Keywords: Artificial intelligence, deep learning, machine learning techniques, pose estimation techniques, skeleton and yoga
How to cite this article:Yoga is an ancient Indian science and a way of living that includes the adoption of specific bodily postures, breath regulation, meditation, and relaxation techniques practiced for health promotion and mental relaxation. In recent years, yoga has been adopted internationally for its health benefits. Among several techniques, physical postures have become very popular in the Western world. Yoga is not only about the orientation of the body parts but also emphasizes breathing and being mindful.[1] The traditional Sanskrit name for Yoga postures is asanas. During the pandemic, many people have used yoga to keep themselves physically and mentally fit.[2] Many people practice fine forms of asanas, without a teacher to guide them: either because no trained yoga instructors are available or due to unwillingness to engage one. Nevertheless, it is important to perform asanas correctly, so the practitioner does not sustain injury.[3] Furthermore, asanas should be practiced systematically, paying attention to the orientation of the limbs and the breathing. Improper stretching or performing inappropriate asanas and breathing inappropriately when exercising can be injurious to health. Improper postures can lead to severe pain and chronic problems.[4] Hence, a scientific analysis of asana practice is all important. The present work was developed, with this in mind.
Pose estimation techniques can be used to identify the accurate performance of yoga postures.[5] Pose estimation algorithms have been used to mark the key points and draw a skeleton on the human body for real-time images and used to determine the best algorithm for comparing the poses. Posture estimation tasks are challenging as they require creating datasets from which real-time postures can be estimated.[6]

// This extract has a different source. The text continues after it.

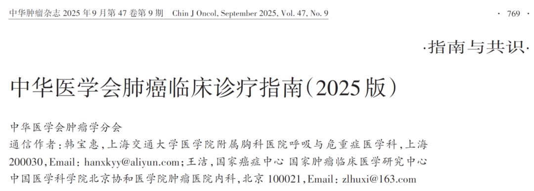 中华医学会肿瘤学分会. 中华医学会肺癌临床诊疗指南(2025版)[J]. 中华肿瘤杂志, 2025, 47(9): 769-810. DOI: 10.3760/cma.j.cn112152-20250511-00215

This study estimated the five asanas performed by the participant using four different deep learning architectures: EpipolarPose, OpenPose, PoseNet, and MediaPipe. These architectures are especially suitable for pose estimation. Deep learning architectures were trained for the abovementioned five asanas. The training was carried out on an authentic database at S-VYASA Deemed to be University, hence suitable for real-time and practical applications. The dataset consisted of about 6000 images of the above five postures, of which 75% of the dataset was used in training the model, whereas 25% was used for testing.
Human Body ModelingHuman body modeling is essential to estimate a human pose by locating the joints in the body skeleton from an image. Most methods use kinematic models where the body's kinematic structure and shape information is represented by its joints and limbs.[7] Different types of human body modeling are shown in [Figure 1].
The human body can be modeled using a skeleton-based (kinematic) model, a planar (contour-based) model, or a volumetric model, as shown in [Figure 1]. The skeleton-based model represents a human body having different key points showing the positions of the limb with orientations of the body parts.[8],[9]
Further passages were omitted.